Print spaces between each element using a fold expression

Question

I am using a fold expression to print elements in a variadic pack, but how do I get a space in between each element?

Currently the output is "1 234", the desired output is "1 2 3 4"

template<typename T, typename Comp = std::less<T> >
struct Facility
{
template<T ... list>
struct List
{
    static void print()
    {

    }
};
template<T head,T ... list>
struct List<head,list...>
{
    static void print()
    {
     std::cout<<"\""<<head<<" ";
     (std::cout<<...<<list);
    }
};
};

template<int ... intlist>
using IntList = typename Facility<int>::List<intlist...>;
int main()
{
 using List1 = IntList<1,2,3,4>;
 List1::print();
}

Answer 1

If you need space only between numbers (and not after the last or before the first too), you might do:

template <std::size_t... Is>
void print_seq(std::index_sequence<Is...>)
{
    const char* sep = "";
    (((std::cout << sep << Is), sep = " "), ...);
}

Demo

(It is similar to my "runtime version") for regular containers with for-loop.

Answer 2

you can that

#include <iostream>

template<typename T>
struct Facility
{
template<T head,T ... list>
struct List
{
    static void print()
    {
     std::cout<<"\"" << head;
     ((std::cout << " " << list), ...);
      std::cout<<"\"";
    }
};
};

template<int ... intlist>
using IntList = typename Facility<int>::List<intlist...>;
int main()
{
 using List1 = IntList<1,2,3,4>;
 List1::print();
}

the fold expression ((std::cout << " " << list), ...) will expands to ((std::cout << " " << list1), (std::cout << " " << list2), (std::cout << " " << list3)...)

Answer 3

In general, you use recursion for tasks like this.

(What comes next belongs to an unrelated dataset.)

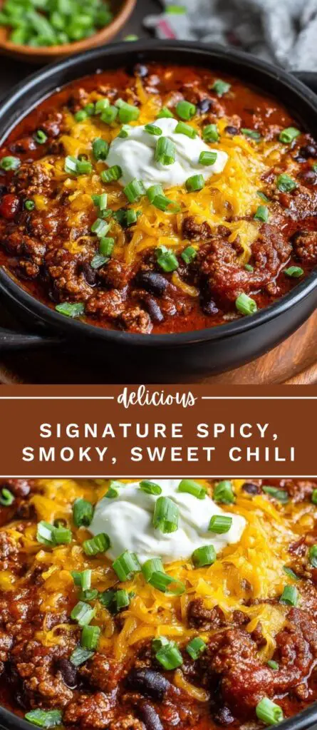 Signature Spicy, Smoky, Sweet Chili recipe with ground beef, black beans, baked beans, and rich tomato sauce. This easy chili is perfect for weeknight dinners, meal prep, or cozy gatherings. Made with chili powder, smoked paprika, brown sugar, and a touch of cayenne for balanced heat, it can be cooked on the stove or in a crock pot. Top with shredded cheddar, green onions, sour cream, or tortilla chips for a hearty, flavorful meal.

You have to define what happens when there are 2 or more and 1 elements in the list and recursively fall back to those definitions:

template <int ...> struct List;
template <int First, int Second, int ... More> struct List {
    static void print() {
        std::cout << First << " ";
        List<Second, More ...>::print();
    }
};
template <int Last> struct List {
    static void print() {
        std::cout << Last;
    }
};

Answer 4

You can reuse print() to achieve this behaviour. Afterall you are doing a fold operation which is by definition resursive.

Live Demo

template<T head,T ... rest_of_pack>

struct List<head , rest_of_pack...>
{
    static void print_()
    {
     std::cout<<head<<" ";
     List<rest_of_pack...>::print();

    }
};

If you want to process many elements this way you might run into problems with template depth (gcc for instance has a limit of 900). Lucky for you you can use the -ftemplate-depth= option to tweak this behaviour.

You can compile with -ftemplate-depth=100000 and make it work. Note that compilation time will skyrocket (most likely) or in thhe worst case you run out of memory.

Answer 5

Not perfectly aligned with the question but I think may be useful putting here a solution based on fold expressions that generates a string from string-like arguments that should minimize dynamic memory allocations:

#include <iostream>
#include <concepts> // std::convertible_to
#include <string>
#include <string_view>
using namespace std::literals;

template<std::convertible_to<std::string_view>... Args>
[[nodiscard]] std::string mystrconcat(Args&&... args)
{
    std::string s;
    const std::size_t totsiz = sizeof...(args) + (std::size(args) + ...);
    s.reserve(totsiz);
    ((s+=args, s+=' '), ...);
    if(!s.empty()) s.resize(s.size()-1); // Get rid of the trailing delimiter?
    return s;
}

int main()
{
    std::cout << '\"' << mystrconcat("aa"s,"bb"sv,"ccc") << '\"' << '\n';
}